Залману Шазару принадлежит приоритет возвращения Франка и его учения в историю еврейского народа. Взгляд его загорается, когда речь заходит о понятиях Каббалы. Стоит ему упомянуть о последователях Франка, кажется, кресло под ним колеблется. «Важная глава иудаизма намеренно затирается». Морщины на его лбу углубляются. Народ Израиля священ, говорят раввины без упоминания скверны в жизни евреев. Темные силы, которые действовали в них в часы отчаяния, не документировались в Писаниях, как и случаи, когда евреи преследовали евреев по причинам веры. Гершом Шалом относится с уважением к своему товарищу Залману Шазару за то, что он вернул Якова Франка на страницы еврейской истории. Ученые ведут долгие беседы о поисках еврейским народом пути к освобождению.
Наоми жадно вбирает в себя информацию, которая течет, как переполненный источник из уст Президента и его друга. Место ее мужа здесь, с ними!
«Яков Франк, – говорит Шалом, – бравировал своим невежеством. Он пичкал своих последователей рассказами о том, что будущее возникнет из хаоса. Он уловил тоску его верных последователей по обновлению». Из письменных источников – просьб к королю и епископу Львова в 1759, и обращений последователей «территориальных» теорий, – Шалом делает вывод о Франке, как харизматическом лидере-нигилисте.
«Этот религиозный лидер гнался за властью, и во имя этого лгал и делал другие мерзости. Раввины преследовали его и его последователей за их учение и неподобающее поведение, полное скверны. Франкисты верили, что именно из этой скверны и вырастет освобождение».
Еврейские нигилисты меняли образ жизни во имя приближения освобождения. Они были вегетарианцами, стояли за свободную любовь, мужчины и женщины купались нагими вместе.
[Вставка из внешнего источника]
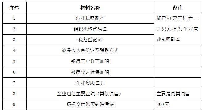 2、 凡有意向参加投标者,请在上述期间内按下表提供报名资料,相关证明文件的原件如无法提供原件则提供复印件加盖公司公章,投标人须将上述资料的扫描件发邮件至招标联系人处进行报名。
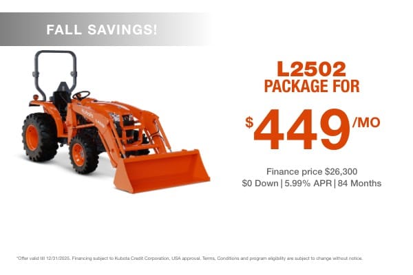 0% APR available or save up to $4,500 on Standard L Tractors!

«Бес и ангел идут вместе», – говорят ей высокоученные собеседники. Им интересно, какие переживания возникают у писательницы, когда она касается крайних ситуаций. Что в ней происходит, при переходе из одной ситуации в другую, при лепке образов, развивающихся в процессе движущегося сюжета. Оба надеются, что через ее путь мышления появится некая нить к расшифровке тайн секты последователей Франка и его самого. Президент добывает ей материалы для продвижения сюжета. Со сверкающими глазами делится с ней тайнами своего друга, старика, последователя Франка, хранящего верность иудаизму, и не пошедшего по пути многих единомышленников, принявших христианство.